> [YOUR TASK]:
With the pictures omitted, print exactly the lines below, from the one containing "Hutdurchmesser des durchschnittenen" through the one containing "比賽上半場補(bǔ)時(sh", and nothing else.

> [TASK MATERIAL]:
• • • •

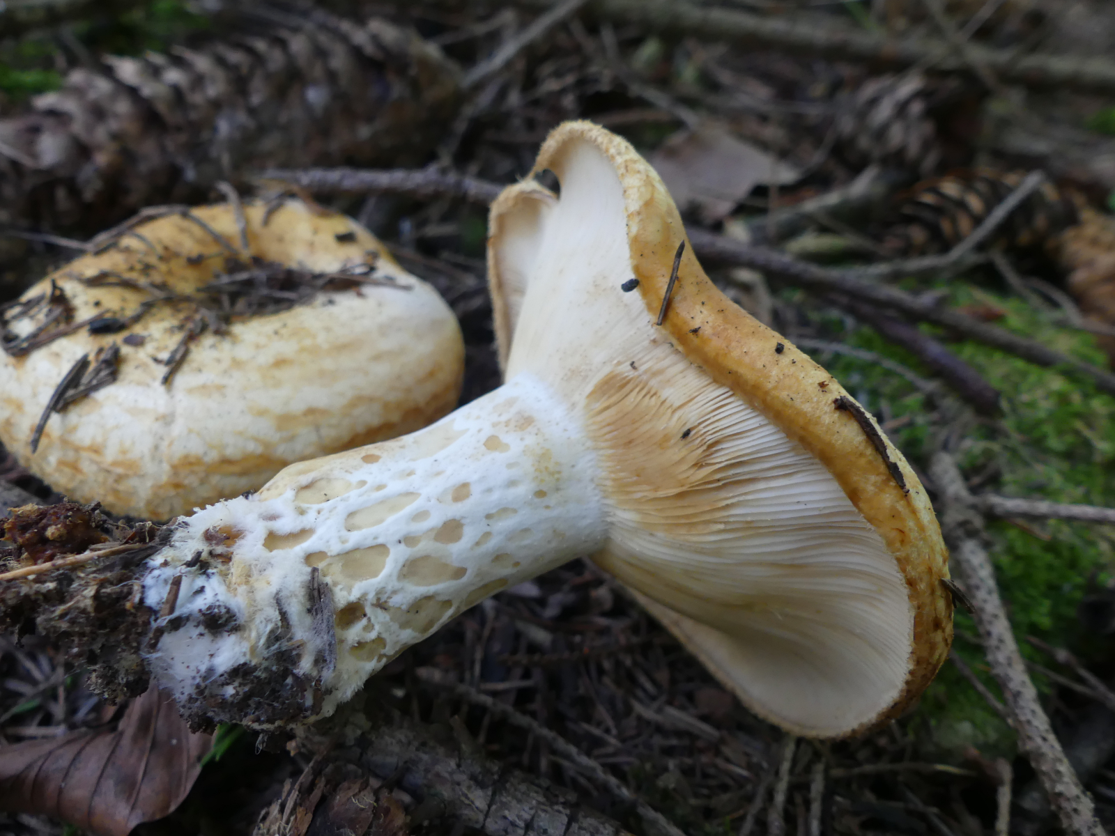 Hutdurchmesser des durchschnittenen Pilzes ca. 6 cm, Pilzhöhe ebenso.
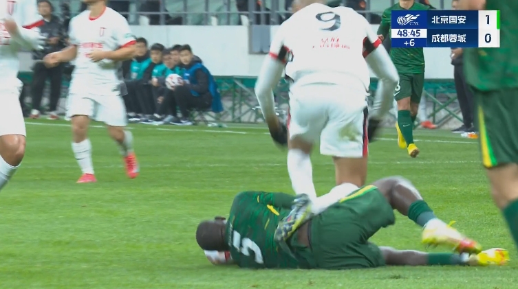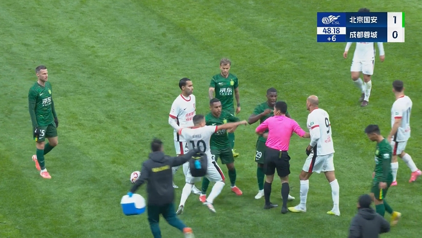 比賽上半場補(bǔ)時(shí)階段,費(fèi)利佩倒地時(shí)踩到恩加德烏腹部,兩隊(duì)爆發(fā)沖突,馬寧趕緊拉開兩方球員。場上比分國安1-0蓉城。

• • • •

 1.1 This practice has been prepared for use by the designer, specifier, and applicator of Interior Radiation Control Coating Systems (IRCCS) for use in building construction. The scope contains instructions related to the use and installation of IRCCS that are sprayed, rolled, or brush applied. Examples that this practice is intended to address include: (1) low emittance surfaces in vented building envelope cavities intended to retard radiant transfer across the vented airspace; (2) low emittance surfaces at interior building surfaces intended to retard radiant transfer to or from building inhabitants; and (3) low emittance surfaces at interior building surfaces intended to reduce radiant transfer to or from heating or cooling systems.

• • • •

> [ANSWER]:
 Hutdurchmesser des durchschnittenen Pilzes ca. 6 cm, Pilzhöhe ebenso.
 比賽上半場補(bǔ)時(shí)階段,費(fèi)利佩倒地時(shí)踩到恩加德烏腹部,兩隊(duì)爆發(fā)沖突,馬寧趕緊拉開兩方球員。場上比分國安1-0蓉城。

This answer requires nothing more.